The standing stones of Callanish, Isle of Lewis, Scotland. (Corel Corp.)

Callanish rather than Stonehenge, as was more generally assumed. (Both interpretations are problematic.)

Thom proposed that Callanish was one of several "lunar observatories" marking significant lunar rising and setting points very precisely (down to a small fraction of the moon's diameter) using distant foresights—in this case, the mountain of Clisham on Harris, some 26 kilometers (16 miles) away. However, there is no clear view of Clisham from the avenue—it is obscured both by the taller stones of the central ring and by a small rocky outcrop just to the south of the site. Thom's high-precision "lunar observatories" in general have not stood the test of time.
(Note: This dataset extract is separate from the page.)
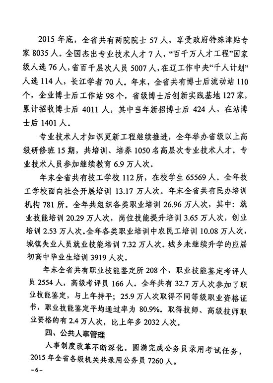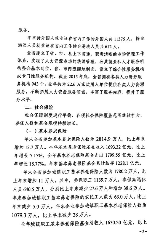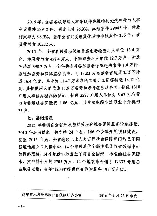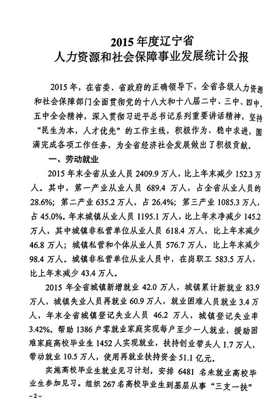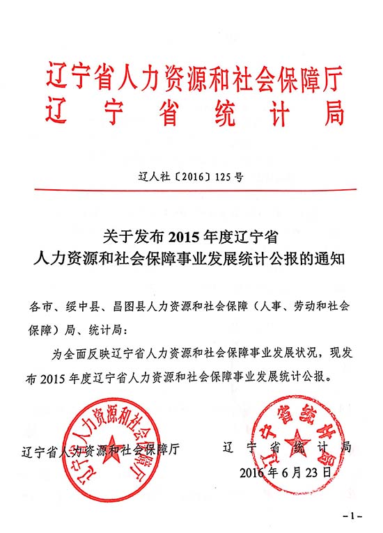 关于发布2015年度辽宁省人力资源和社会保障事业发展统计公报的通知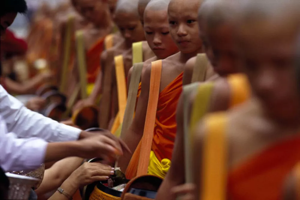 Una lunga fila di monaci avvolti in sai arancioni cammina nella foresta laotiana dandoci le spalle, soltanto uno di loro si volta e ci guarda, è un ragazzino di appena dodici anni, cerca il nostro sguardo e ci invita al viaggio.

However, the failure of mid-twentieth-century attempts to populate the prehistoric past with an intellectual or priestly elite prepossessed with high-precision astronomical observations should not blind us to the basic relationship with the moon that exists at the Callanish stones, or with what this might actually have meant to the Neolithic populations of this area. The full or nearly full moon scraping uncommonly low over the hills to the south and then—as viewed along the avenue—passing behind and setting among the stones of the circle, casting them into silhouette, would have been a truly spectacular sight, one that could only have been seen once or twice in a generation. If this was intentional from the outset, then it would certainly ex plain the skewing of the avenue away from the meridian. It would also have ensured that this location was charged with tremendous sacred power at these special times.

It has been suggested that the standing stones of Callanish and the various smaller megalithic monuments in the surrounding area incorporated numerous alignments upon prominent horizon features and extreme lunar rising and setting positions. The Callanish stones, it was proposed, stood at the heart of a complex that encapsulated a variety of relationships between built monuments, prominent natural features in the landscape, and the motions of the moon. The general idea is not implausible: indigenous societies commonly organize sacred space to reflect cosmic relationships perceived in the wider visual setting, and the visible environment included the sky. But in the absence of corroborating evidence, it is almost impossible to argue convincingly for any particular scheme. We have no way of knowing which relationships actually were perceived as significant in the past, and any choice that we make is ultimately subjective. Whether the Callanish stones really represent a temple whose significance related to the moon appearing in a special way in every nineteenth year remains an open question.

See also:

Cardinal Directions; Somerville, Boyle (1864-1936); Thom, Alexander (1894-1985).

Stonehenge.

Meridian; Moon, Motions of.

References and further reading

Ashmore, Patrick. Calanais: The Standing Stones. Stornoway, Scotland: Ur-ras nan Tursachan, 1995.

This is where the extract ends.